- **Assignment**
Write out every record below exactly, leaving the pictures out.

- **Dataset extract**
Segment Open
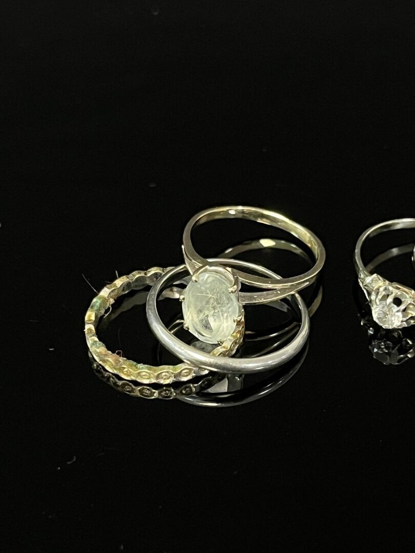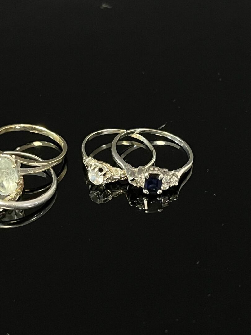 LOT in 750/°°° 18K yellow and white gold comprising two wedding rings, one of which is worked, and three small rings set with fantasy stones.
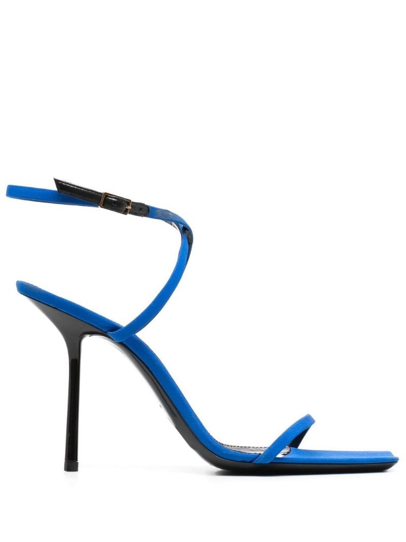 110mm square-toe leather sandals 110mm square-toe leather sandals from SAINT LAURENT featuring cobalt blue, leather, open toe, square toe, single toe strap, buckle-fastening ankle strap, branded leather insole, high stiletto heel and 110mm heel. Made in Italy Composition Sole: Leather 100% Lining: Leather 100% Outer: Fabric 100% SIZE & FIT Measurement HEEL 4.3 in(11 cm)
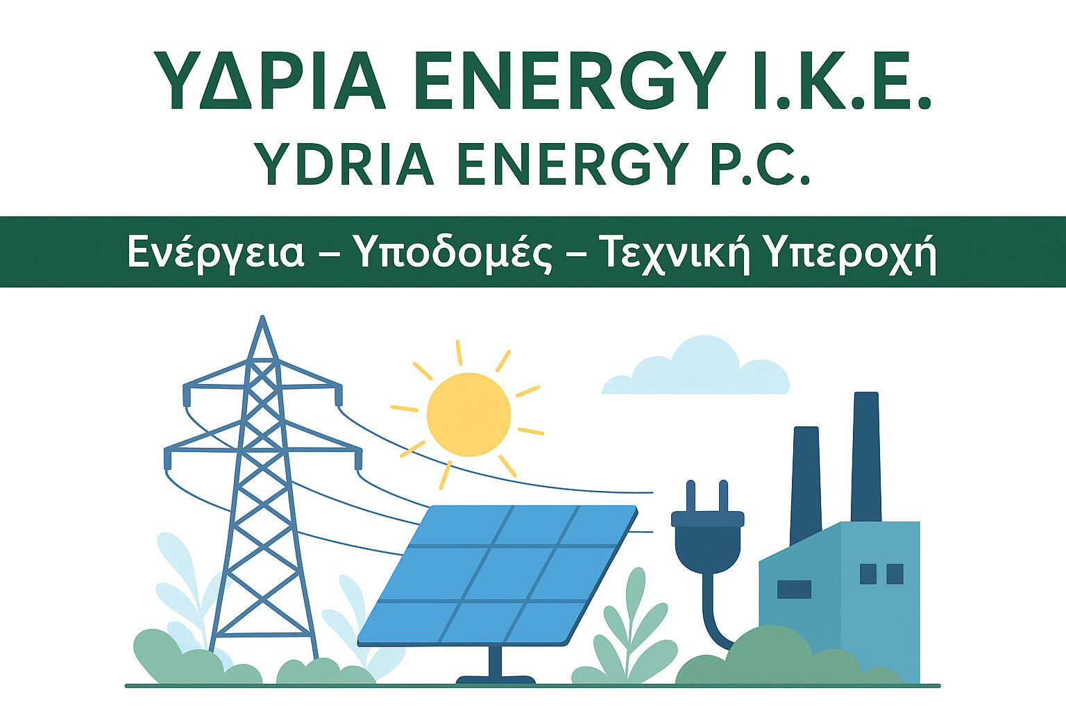 Η ΥΔΡΙΑ ENERGY I.K.E. (YDRIA ENERGY P.C.) είναι μία σύγχρονη τεχνική και ενεργειακή εταιρεία με έδρα τον Δήμο Δομοκού Φθιώτιδας. Δραστηριοποιούμαστε δυναμικά στους τομείς της μελέτης, κατασκευής και συντήρησης έργων ηλεκτροπαραγωγής, φωτοβολταϊκών εγκαταστάσεων, ηλεκτρολογικών έργων, καθώς και έργων πολιτικού μηχανικού.Στόχος μας είναι η παροχή καινοτόμων ενεργειακών λύσεων που συμβάλλουν στη βιώσιμη ανάπτυξη, τη βελτίωση της ενεργειακής αποδοτικότητας και την αξιοποίηση των ανανεώσιμων πηγών ενέργειας.
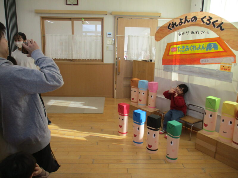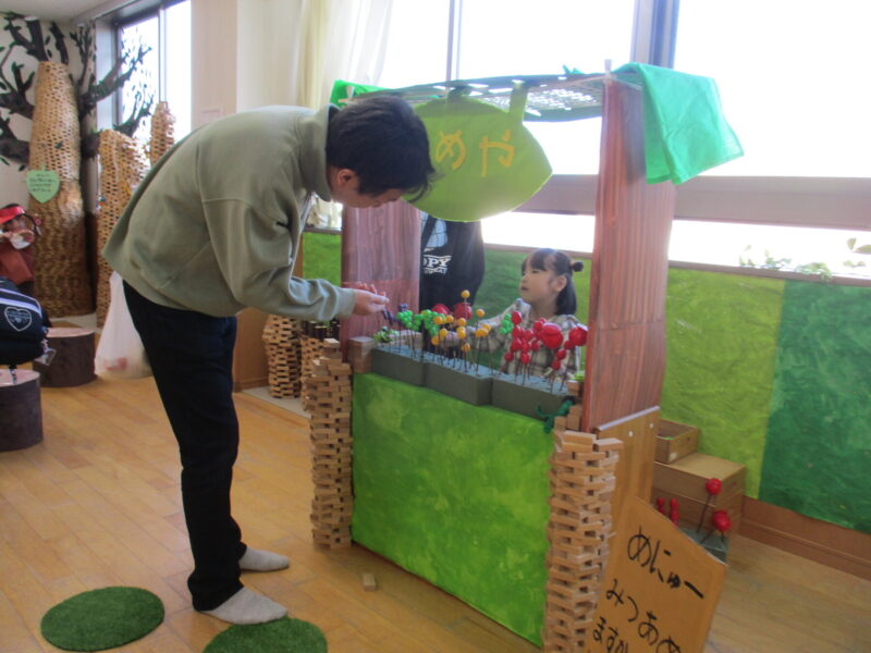 今日はふぁみりーdayがありました🎶親子でごっこ遊びをしたり、ハーブティーを作って飲んだり、福引を引いたり、野菜スタンプをしたりなど、各クラスに広がる絵本の世界を楽しむ姿がたくさん見られ、とっても素敵な時間となりました
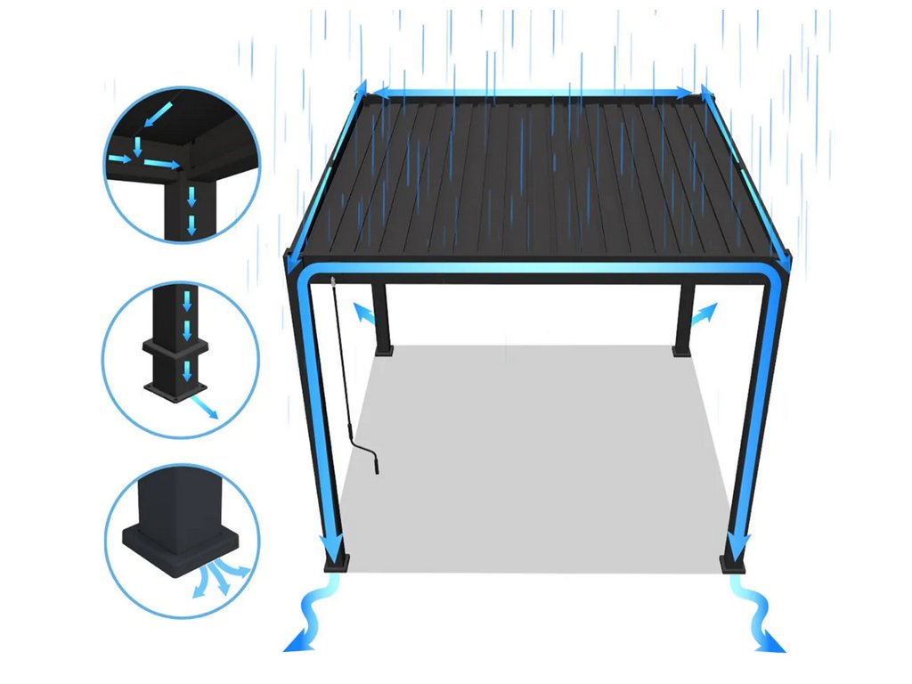 Pergola je vybavena moderním integrovaným okapovým systémem pro odvod vody, který účinně odvádí déšť mimo obrys konstrukce. To zajišťuje kontrolu nad odtokem a dodatečnou ochranu terasy a jejího vybavení před vnějšími vlivy.
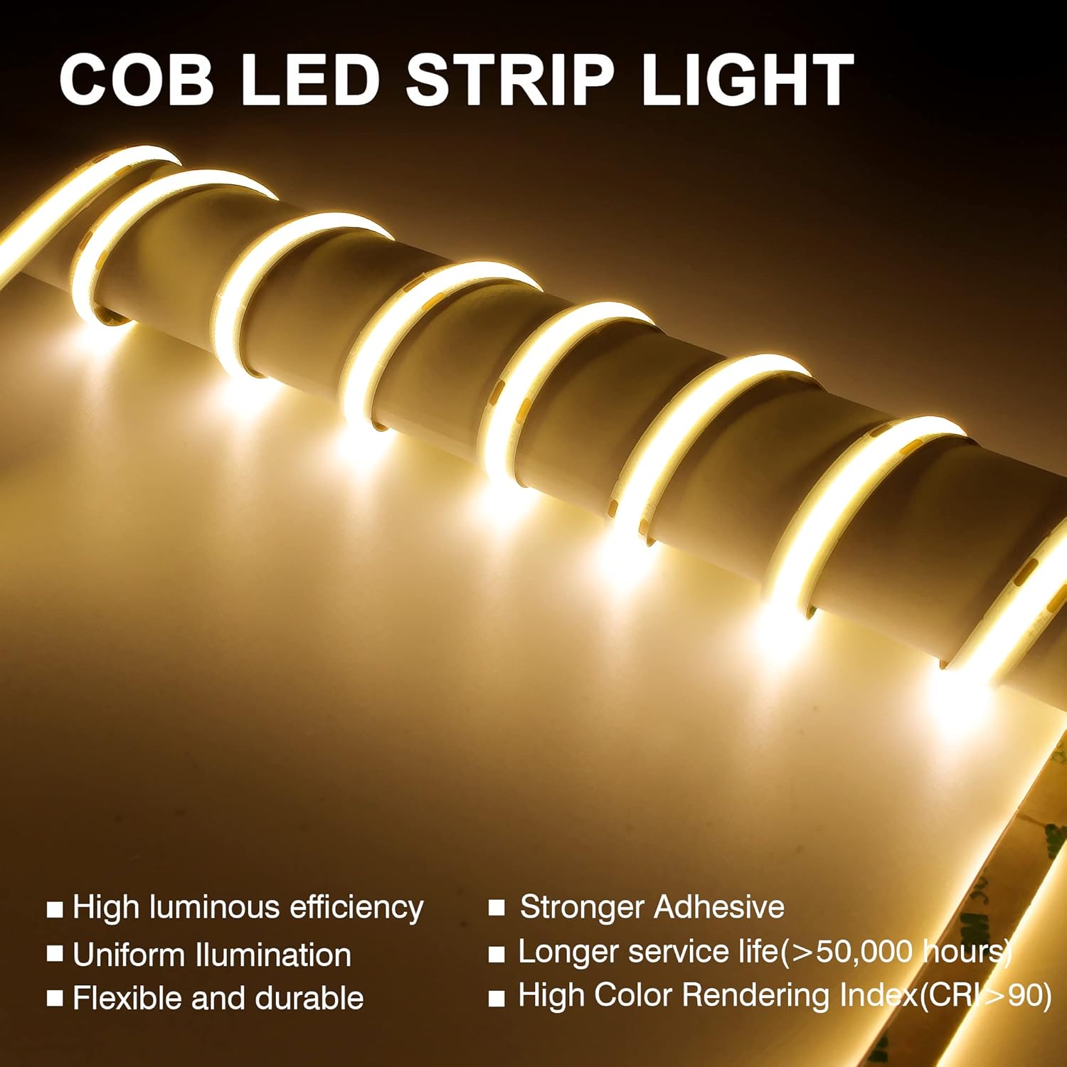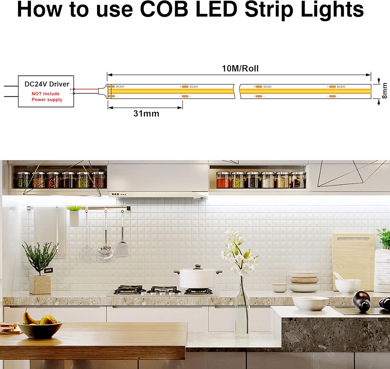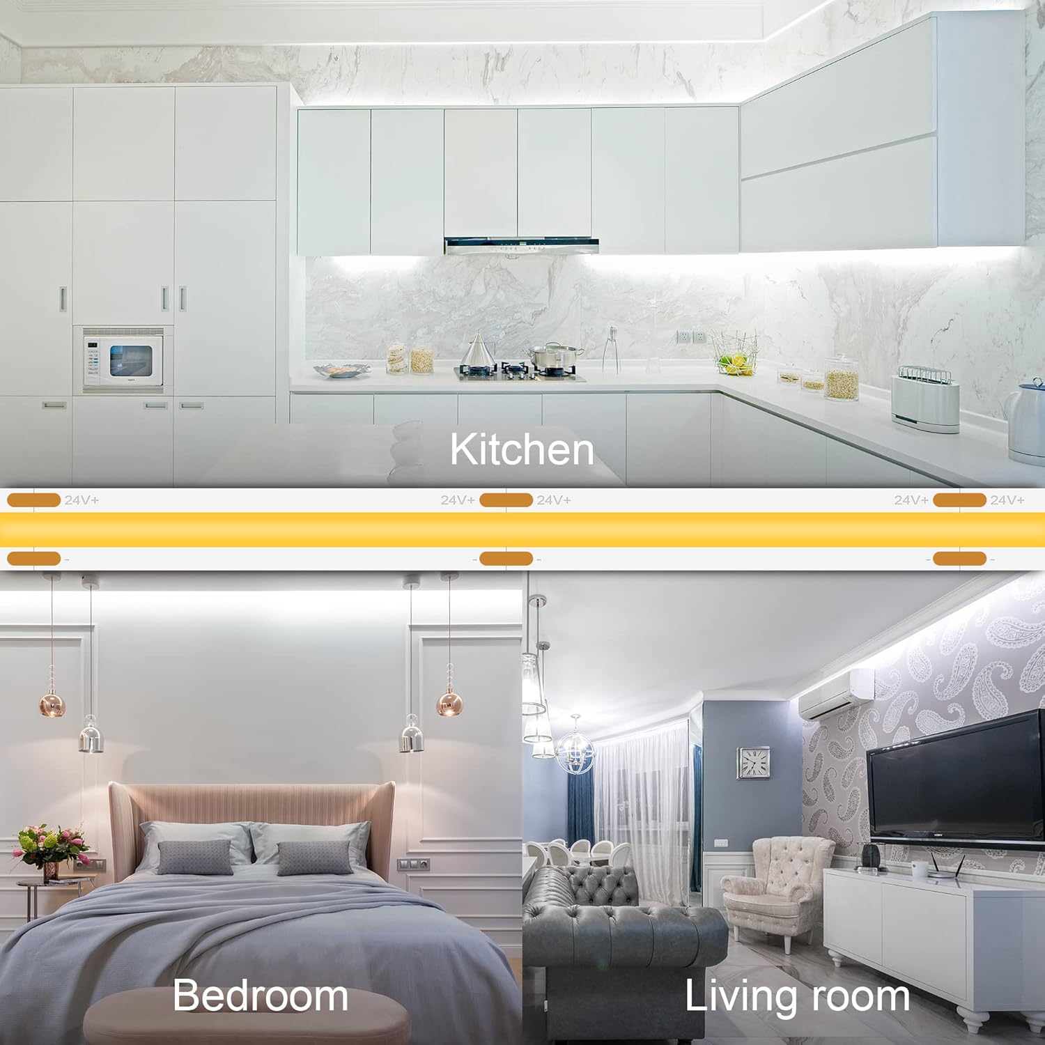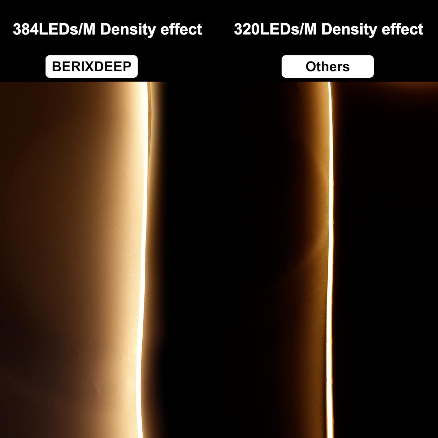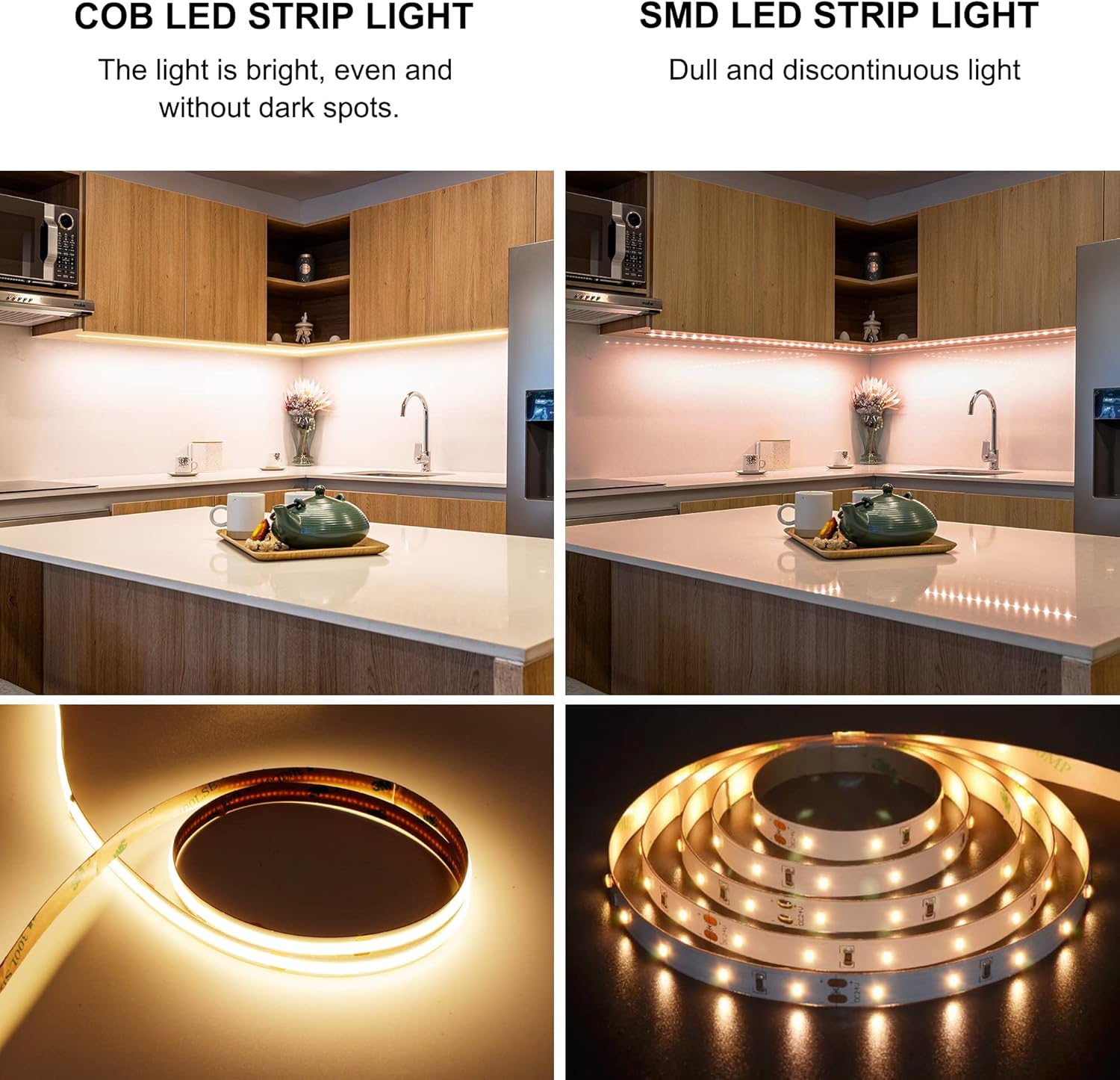 Strascia LED COB 10 Metri, Striscia LED Bianco Naturale con 384LEDs/m, Larghezza 8mm, CRI 90+, Striscia Dimmerabile DC24V per Camera da Letto, Cucina, Specchio (senza alimentazione), 4000K
Segment Closed
- **Task solution**
 LOT in 750/°°° 18K yellow and white gold comprising two wedding rings, one of which is worked, and three small rings set with fantasy stones.
 110mm square-toe leather sandals 110mm square-toe leather sandals from SAINT LAURENT featuring cobalt blue, leather, open toe, square toe, single toe strap, buckle-fastening ankle strap, branded leather insole, high stiletto heel and 110mm heel. Made in Italy Composition Sole: Leather 100% Lining: Leather 100% Outer: Fabric 100% SIZE & FIT Measurement HEEL 4.3 in(11 cm)
 Η ΥΔΡΙΑ ENERGY I.K.E. (YDRIA ENERGY P.C.) είναι μία σύγχρονη τεχνική και ενεργειακή εταιρεία με έδρα τον Δήμο Δομοκού Φθιώτιδας. Δραστηριοποιούμαστε δυναμικά στους τομείς της μελέτης, κατασκευής και συντήρησης έργων ηλεκτροπαραγωγής, φωτοβολταϊκών εγκαταστάσεων, ηλεκτρολογικών έργων, καθώς και έργων πολιτικού μηχανικού.Στόχος μας είναι η παροχή καινοτόμων ενεργειακών λύσεων που συμβάλλουν στη βιώσιμη ανάπτυξη, τη βελτίωση της ενεργειακής αποδοτικότητας και την αξιοποίηση των ανανεώσιμων πηγών ενέργειας.
 今日はふぁみりーdayがありました🎶親子でごっこ遊びをしたり、ハーブティーを作って飲んだり、福引を引いたり、野菜スタンプをしたりなど、各クラスに広がる絵本の世界を楽しむ姿がたくさん見られ、とっても素敵な時間となりました
 Pergola je vybavena moderním integrovaným okapovým systémem pro odvod vody, který účinně odvádí déšť mimo obrys konstrukce. To zajišťuje kontrolu nad odtokem a dodatečnou ochranu terasy a jejího vybavení před vnějšími vlivy.
 Strascia LED COB 10 Metri, Striscia LED Bianco Naturale con 384LEDs/m, Larghezza 8mm, CRI 90+, Striscia Dimmerabile DC24V per Camera da Letto, Cucina, Specchio (senza alimentazione), 4000K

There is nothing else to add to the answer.